Metcalfe-Smith et al. (2000b) font un résumé des données historiques et actuelles sur la mytilifaune de la rivière Grand, dans le bassin du lac Érié. Ils fournissent des renseignements tirés de plus de 900 mentions faites dans la rivière Grand de 1885 à 1998. Seulement huit de ces mentions, qui datent de la période de 1934 à 1997, sont des troncilles pied-de-faon. Toutes les mentions de l’espèce proviennent d’une zone définie par Metcalfe-Smith et al. (2000) comme étant le cours inférieur de la rivière et concernent en fait la portion inférieure extrême se trouvant entre l’embouchure, à Port Maitland, et l’aire de conservation de l’île Byng à Dunnville, environ à 8 km en amont de l’embouchure. La plus récente mention du troncille pied-de-faon dans la rivière Grand est tirée de la collecte de 11 individus vivants et de nombreuses valves fraîchement mortes dans une zone juste en aval du barrage de Dunnville en 1997 (Metcalfe-Smith et al., 2000b). Cette zone a été revisitée en 2005 par le rédacteur du rapport, qui ne l’a toutefois pas échantillonné officiellement. Aucun spécimen n’a été trouvé, bien que des coquilles d’une dizaine d’autres espèces aient été observées.

Une des premières mentions de l’espèce au Canada a été faite dans la rivière Niagara en 1934. La seule autre mention de l’espèce dans le bassin de la Niagara date de 2002, année où une pêche au filet troubleau qui ne visait pas les Unionidés, a permis de recueillir un seul spécimen de troncille pied-de-faon vivant dans le ruisseau Lyons (Logan, comm. pers., 2007). Bien qu’un spécimen de référence semble avoir été recueilli, il n’a pas été vérifié et a été égaré depuis. Le rédacteur du rapport n’a pas été en mesure de confirmer cette mention. Par conséquent, cette occurrence doit être considérée comme suspecte jusqu’à ce qu’un autre spécimen puisse être adéquatement confirmé, et le présent rapport n’en tient pas compte. Un échantillonnage limité de moules a été effectué ces dernières années dans la rivière Niagara. Riveredge Associates a inventorié les moules de 15 sites de la région de l’île Grand en 2001 et 2002 et trouvé des spécimens vivants appartenant à 6 espèces autres que le troncille pied-de-faon (New York Power Authority, 2003).

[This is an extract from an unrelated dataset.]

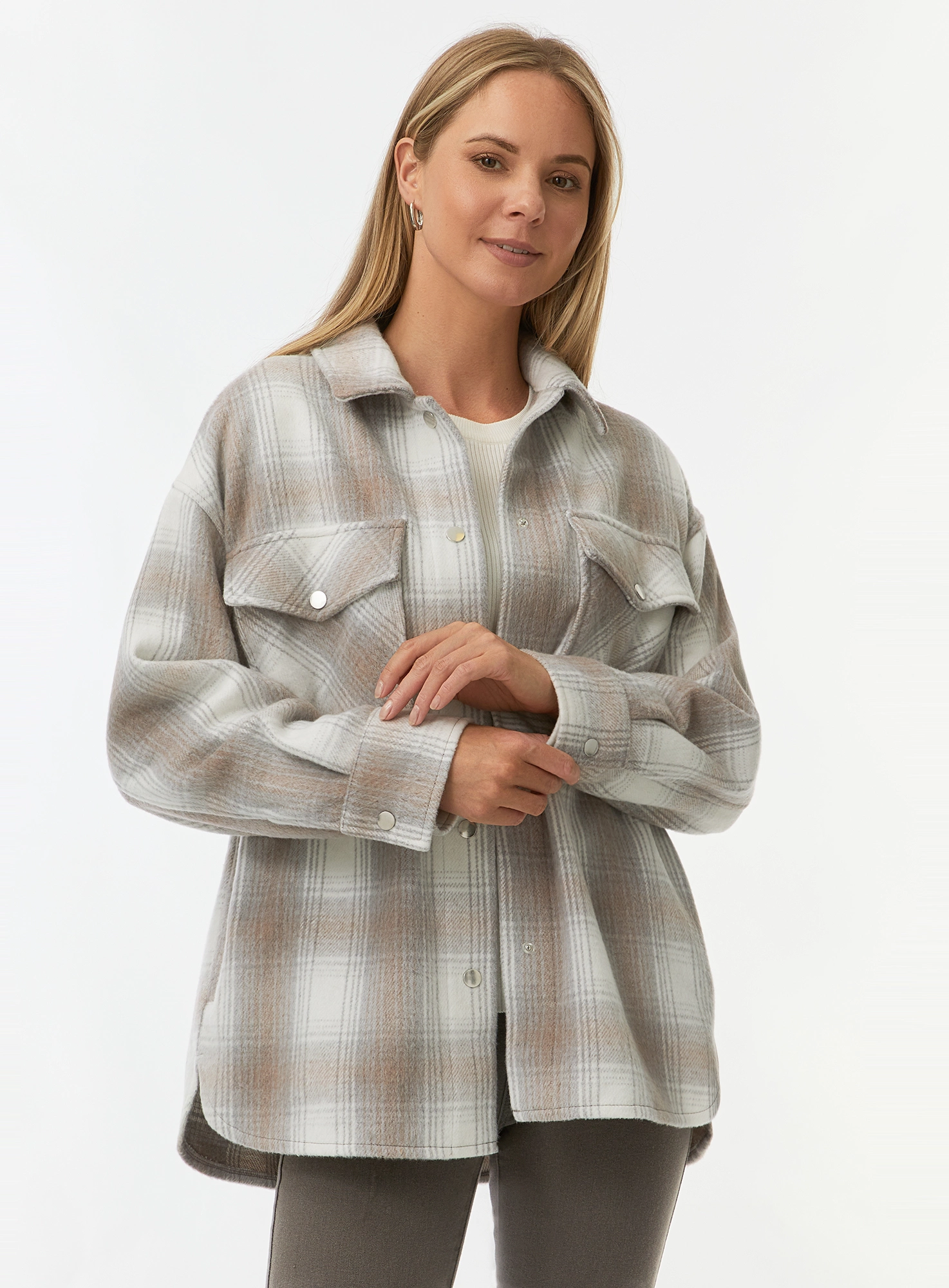 Куртка-рубашка в клетку с нагрудными карманами
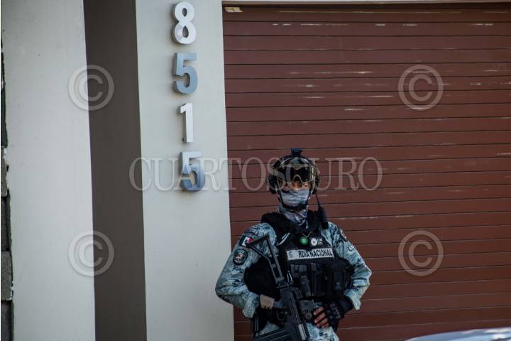 TIJUANA BAJA CALIFORNIA, 17JUNIO2025.- Un elemento de la Guardia Nacional, permanece en la entrada del domicilio ubicado en la calle Cumbres de la Encantada frente al número 8515, en la colonia Fundadores, donde autoridades federales, aseguran que fue capturado la madrugada del martes Pablo Edwin Huerta Nuño, alias "El Flakito", presunto líder del Cártel de Tijuana, en un operativo de inteligencia. FOTOS: CHRIS NOYOLA / CUARTOSCURO.COM

La zone d’occurrence a été calculée dans ArcView GIS 3.3 au moyen d’un polygone convexe maximum construit autour des aires de répartition historique et actuelle représentées aux figures 3 et figure4. En présumant que la population du ruisseau Muskrat a toujours été présente même si elle n’a pas été détectée avant 2005, ce qui est possible étant donné les faibles densités et les faibles activités d’échantillonnage dans ce bassin, la zone d’occurrence historique est de 51 238 km². À titre de comparaison, la zone d’occurrence actuelle est de 24 952 km², ce qui représente une réduction de 51 p. 100. La zone d’occupation actuelle, quant à elle, est estimée à 128 km², mais elle a connu un déclin au cours des 20 dernières années, des populations ayant disparu des eaux du large du lac Sainte-Claire, de la rivière Detroit et du lac Érié. La zone d’occupation ne semble pas avoir changé dans les rivières Sydenham et Grand, mais de nouvelles populations ont été découvertes dans la Thames (1997) et la Saugeen (2005) (voir la section « Fluctuations et tendances »). Pour toutes les populations, sauf celles de la Thames, on a calculé la zone d’occupation en appliquant une grille de 2 x 2 km sur chaque occurrence. Dans le cas de la population de la rivière Thames, le calcul de la zone d’occupation a été fondé sur l’hypothèse voulant que la répartition soit continue entre la mention la plus en amont et la mention la plus en aval ainsi que sur l’application d’une grille de 1 km sur ce tronçon entier de la rivière (Filion, comm. pers., 2007). Pour chacune des cinq populations existances, la zone d’occupation a été calculée comme suit : 4 km² pour chacune des populations du delta de la Sainte-Claire, du ruisseau Muskrat, de la rivière Sydenham et de la rivière Grand et 112 km² pour la population de la rivière Thames.